Department of Orthopedics and Trauma Surgery, Staedtisches Klinikum Braunschweig, Holwedestr. 16, 38118, Brunswick, Germany.
Orthopedic Department of Medical School Hannover in Diakovere Annastift, Medical School Hannover, Anna-Von-Borries Str. 1, 30625, Hannover, Germany.
Eur J Orthop Surg Traumatol. 2024 Jul;34(5):2683-2689. doi: 10.1007/s00590-024-03979-7. Epub 2024 May 15.
The influence of the subscapularis tendon on reverse total shoulder arthroplasty (RTSA) has been discussed controversially. The aim of the study was to investigate the subscapularis-sparing approach for RTSA and the effect of the intact subscapularis tendon.
This retrospective comparative study included 93 patients. Among these, 55 underwent the deltopectoral subscapularis-sparing approach, and in 38 cases, the standard deltopectoral approach with subscapularis tenotomy was applied. At the final follow-up, representative shoulder scores were measured, radiographs were taken in two planes, and shoulder sonography was performed.
The subscapularis-sparing group showed a significantly higher Constant score (71.8 vs. 65.9 points) and adapted Constant score if the subscapularis tendon was shown to be intact in the postoperative sonography (85.2% vs. 78.6%) (p = 0.005; p = 0.041). Furthermore, these patients had improved abduction (128.2 vs. 116.8, p = 0.009) and external rotation (34.6 vs. 27.1, p = 0.047). However, no significant differences were found for the degree of internal rotation and internal rotation strength. No dislocation or infection was observed. The degree of scapular notching was not significantly different between the two groups (p = 0.082). However, independently from the integrity of the subscapularis the subscapularis-sparing approach showed no difference in clinical and radiographic outcome (Constant score scapularis-sparing 70.0 points vs. tenotomy 66.8 points; p = 0.27).
The subscapularis-sparing approach RTSA showed improved clinical outcome, abduction, and external rotation, if the subscapularis was shown to be intact at time of follow-up.
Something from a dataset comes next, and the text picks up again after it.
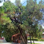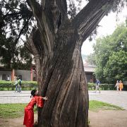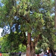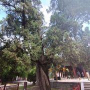黄帝陵轩辕庙院中较为知名的便是黄帝手植柏,位于黄帝陵轩辕庙门内左侧2米处。相传它为轩辕黄帝亲手所植,距今5000多年,是世界上非常古老的柏树。柏树高20余米,胸径11米,苍劲挺拔,冠盖蔽空,叶子四季不衰,层层密密,像个巨大的绿伞。
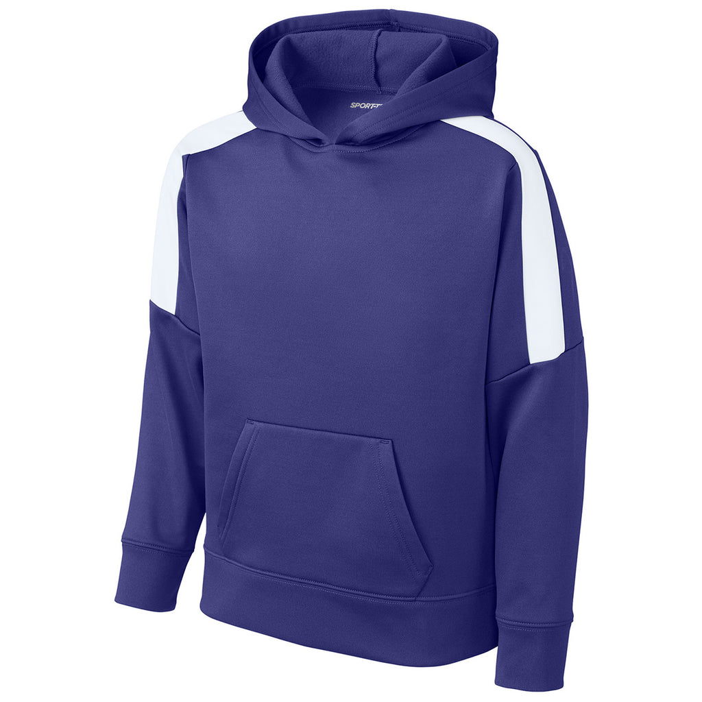 Sport-Tek Youth Purple/ White Sport-Wick Fleece United Pullover Hoodie with a custom logo is the perfect choice for creating a school look that everyone can enjoy. The simple hoodie with a front pouch pocket can be worn alone or layered as needed for sports, class, or organized events. Place an order right away.Corresponding Men's Style: Sport-Tek Men's Purple/ White Sport-Wick Fleece United Pullover Hoodie

Both groups showed no difference in internal rotation.
关于肩胛下肌腱对于反式全肩关节置换术(RTSA)的影响,一直存在争议。本研究旨在探讨 RTSA 中保留肩胛下肌腱的方法以及完整肩胛下肌腱的作用。
本回顾性对照研究纳入了 93 例患者。其中,55 例行肩胛下肌保留的肩胛下肌肌间沟入路,38 例行肩胛下肌切开的标准肩胛下肌肌间沟入路。在最终随访时,测量了有代表性的肩部评分,拍摄了两个平面的 X 线片,并进行了肩部超声检查。
肩胛下肌保留组的 Constant 评分(71.8 分比 65.9 分)和改良 Constant 评分(如果术后超声显示肩胛下肌腱完整,则为 85.2%)显著更高(p=0.005;p=0.041)。此外,这些患者的外展(128.2 度比 116.8 度,p=0.009)和外旋(34.6 度比 27.1 度,p=0.047)均得到改善。然而,内旋程度和内旋力量没有显著差异。没有发生脱位或感染。两组肩胛切迹的程度没有显著差异(p=0.082)。然而,无论肩胛下肌腱的完整性如何,肩胛下肌保留入路在临床和影像学结果方面均无差异(Constant 评分保留组为 70.0 分,切开组为 66.8 分;p=0.27)。
如果在随访时肩胛下肌腱被证实完整,保留肩胛下肌腱的 RTSA 显示出更好的临床结果、外展和外旋。两组在内部旋转方面没有差异。